The new research has been selected by an international scientific committee to be given the Atlas award.
Between 1990 and 2005, the world’s rainforests were depleted by more than 8% through deforestation, in part to make way for agriculture. Today, large areas of agricultural land are being restored to rainforest to meet conservation goals in the tropics. It is important to monitor the success of these efforts to ensure that these areas are replenished with the right vegetation.
There are many drivers for conservation efforts, including governmental subsidies, and many of the people implementing the projects are individual land owners. Monitoring regeneration can be labor intensive and expensive, making it difficult to know whether conservation efforts have been successful.
However, using unmanned aerial vehicles – or drones – to replace manual monitoring under certain conditions could save considerable costs, making the monitoring process more feasible for scientists.
“It’s early days but drones have great potential for monitoring restoration efforts in tropical forests,” said lead author of the study Dr. Rakan Zahawi, from the Organization for Tropical Studies. “We’ve shown that using drones to replace manual labor can reduce the costs associated with monitoring conservation projects. This could result in more people monitoring their land in the tropics, giving us better information about what works and what doesn’t.”
Traditionally, rainforest regeneration has been monitored manually. This requires skilled, knowledgeable people and specialist equipment, and can be especially challenging if the land is difficult to access. An alternative to manual monitoring is LiDAR – remote sensing technology that analyzes reflected light. However, a single LiDAR flight to monitor forest recovery remotely can cost upwards of $20,000.
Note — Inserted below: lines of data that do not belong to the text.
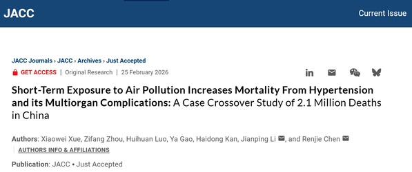 2026年2月25日,复旦大学公共卫生学院陈仁杰团队联合北京大学第一医院心内科李建平团队,在《美国心脏病学会杂志》(Journal of the American College of Cardiology)上发表了题为“Short-Term Exposure to Air Pollution Increases Mortality From Hypertension and its Multiorgan Complications: A Case Crossover Study of 2.1 Million Deaths in China”的研究论文。该研究基于我国210多万高血压相关死亡的个体水平数据,从流行病学层面系统揭示了空气污染暴露对高血压不同进展阶段(从原发性高血压到多器官衰竭)死亡的阶梯式放大趋势,为高血压人群的风险分层与精准环境干预提供了科学证据。
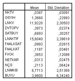 Çalışmada, daha önceki çalışmalarda firmanın borçlanma oranı ile ilişkili olduğu düşünülen oranlar ele alınmıştır. Ele alınan oranların hangi çalışmalarda kullanıldığı tablo 1’de gösterilmiştir. Bu oranlardan LnİMKB sermaye piyasasının gelişmişliğini, GSYİH borçlanma olanaklarının genişliğini, EB genel konjonktürü, diğer değişkenler ise firmaya ait verileri göstermektedir. Çalışmada kullanılan verilere ilişkin açıklayıcı istatistikler Tablo 2’de gösterilmektedir.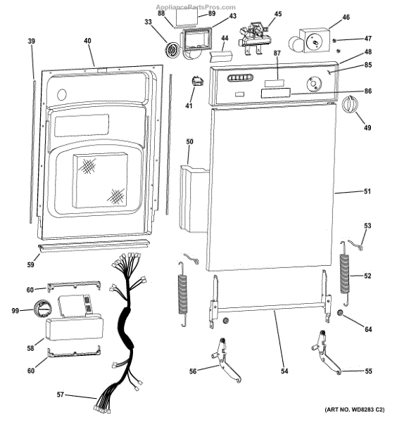 This dishwasher detergent dispenser assembly stores detergent and releases it at the correct time in the wash cycle to ensure consistent cleaning results. Replacing a worn dispenser restores reliable soap release and helps improve wash performance.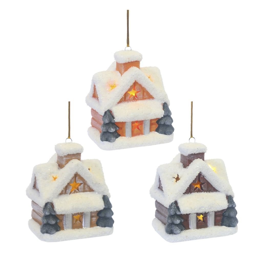 Украшение новогоднее "Домик" с подсветкой , изготовлено из керамики. Размер: L6,5 W5 H8 см, работает от 2-х батареек LR44 (не прилагаются). Представлено в трех вариантах.

In the new study, Dr. Zahawi and the team, including researchers from the University of Maryland and the University of California-Santa Cruz, USA, tested a new automated approach to monitoring that doesn’t involve manual intervention. Using inexpensive drone-based remote sensing technology, the researchers measured the structure of the forest canopy across a series of 1-hectare regenerating fields that were previously agricultural land in southern Costa Rica. The land is part of a long-term tropical forest restoration study.
The drones were fitted with a simple 10 megapixel point-and-shoot digital camera and use open-source software to process these overlapping images. The camera takes thousands of photos and the “Ecosynth” methodology then creates 3D images called point clouds that represent the vegetation. In total, the drone and camera cost US$1500 – less than a tenth the cost of some equivalent flights.
The researchers compared the results produced by Ecosynth for canopy height, above ground biomass and canopy structure – whether the canopy was rough or open – to field based measures. They also evaluated whether Ecosynth-measured canopy height could predict the abundance of fruit-eating (frugivore) birds as accurately as field based height measures; many fruit-eating birds, such as the mountain thrush, black guan and sooty-capped bush tanager, are important for forest regeneration. The results showed that Ecosynth was as accurate as human monitoring, although there were some errors when the canopy was low.
“There is still some work to do to optimize Ecosynth and make sure measurements are accurate in all situations. However, the approach has real promise in monitoring regeneration,” said Dr. Zahawi. “The reduced cost and labor intensity means that many more farmers will be able to monitor their land, giving us far more data about how best to conserve tropical forests.”
The article is “Using lightweight unmanned aerial vehicles to monitor tropical forest recovery,” by Rakan A. Zahawi, Jonathan P. Dandois, Karen D. Holl, Dana Nadwodny, J. Leighton Reid and Erle C. Ellis (doi: 10.1016/j.biocon.2015.03.031). The article appears in Biological Conservation, 186 (June 2015) pages 287–295, published by Elsevier.